Security line simulation
For some reason the Pittsburgh airport is extremely crowded in the mornings. When I was there a week or so ago it was no exception: I watched as many people who were loudly claiming they arrived around 1.5 hours early miss their flights. The only real bottleneck is the security line. The strange thing is, I have never seen it crowded at any other time of day except the very early morning, which leads me to believe that they simply don't have enough people working to put people through. Today I overhead that they only had one crew ("again!") so I suppose that even though the total number of people here is not very large compared to other times of day, they have a proportionally smaller security crew.
Here's the thing that bugged me though. When people on the security line freaked out about not making their flights after the line didn't budge for 10 minutes, the woman in charge of preventing riots advised them to have shown up earlier. Now, I'm all for punishing the ill-prepared over the prepared, but it got me to thinking: what IF people only showed up between 2 and 3 hours? Does that actually solve the problem?
I made a simple simulation of the airport lines to find out. Here are some details about it:
- I used the same flight times on the day I was there.
- The number of people on each flight had a mean of 60 and variance of 5.
- There were 6 airlines total, and people had to wait at their individual airlines for check-in before they all had to wait at the same security line together.
- The mean checking in time was 15 seconds per person (there are multiple self-check counters open) with a minimum time of 5 seconds (while they ask you for your ID, print boarding pass, etc).
- The mean security line time was 7 seconds per person, with a minimum time of 2 seconds (takes at least 2 seconds to walk through the naked machine).
- There was no transportation time - people walk from the check counter to the end of the security line at insanely fast speeds.
- Even though the security lines are open 24 hours, the check-in counters open at 4am (this is TRUE).
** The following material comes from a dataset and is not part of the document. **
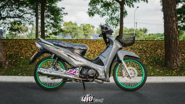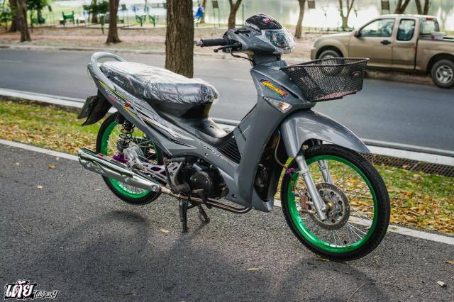 Điểm qua dàn chân là cặp bánh căm mỏng manh với niềng nhôm mang gam màu xanh lá, việc chơi bánh căm niềng nhôm không còn xa lạ gì nữa với những anh em biker ở Thailand, họ thích phong cách này bởi nó sẽ giúp trọng lượng xe giảm xuống đáng kể để gia tốc nhanh hơn. Hệ thống phanh được nâng cấp với đĩa đồ chơi kết hợp cùng heo Brembo Billet 4 pis qua sự hỗ trợ của pas nhôm CNC gia công từ máy cho độ chính xác cực cao.

There are other little assumptions, too, and if you must know here's the code.
So, let's say I arrive 2 hours early, which seems totally reasonable. First I'll compare two situations:
- Everyone, including me, arrives around 2 hours in advance of their flights, give or take 5 minutes.
- People arrive between 1:55 and 3 hours before their flights. I arrive 2 hours before my flight
There are many sources of randomness in this simulation, so I ran 1000 simulations and here I show how many minutes before takeoff I arrived at my gate (checked in, got through security, walked at infinite speed to my gate).

According to the simulation, if people get to the airport between 2 and 3 hours before their flights, I miss my plane about half the time, even though I've arrived 2 hours beforehand. If people arrive about 2 hours before their flight instead, I am never late. Here's how the actual line wait times contribute to gate arrival times:

So what's happening here? Think about the lines - if you arrive 2 hours before your departure time, and you have to wait on lines with people who have arrived up to 3 hours before their flights (some of which take off after your flight), those lines are going to be a lot longer. So the airport is telling people to arrive earlier without actually telling their own employees to start earlier. Airline customers are unwittingly participating in a prisoner's dilemma scenario - if they arrive earlier they are virtually guaranteed a seat while simultaneously increasing the lines unnecessarily for people who are a bit later. If everyone agrees to come with the same time buffer (let's say 2 hours), the line waits are actually shorter for everyone (given the same security scanning resources). In any case, the airport has two basic options for solving this problem - they can actually run more than one scanning station in the mornings so that they can handle the increased "early" crowd that they've caused by telling people to come earlier and earlier (costs money they don't have), OR they can encourage people to come EXACTLY 2 hours beforehand, not earlier.
But more likely we'll be told to arrive 4-5 hours before our flights in a few more years.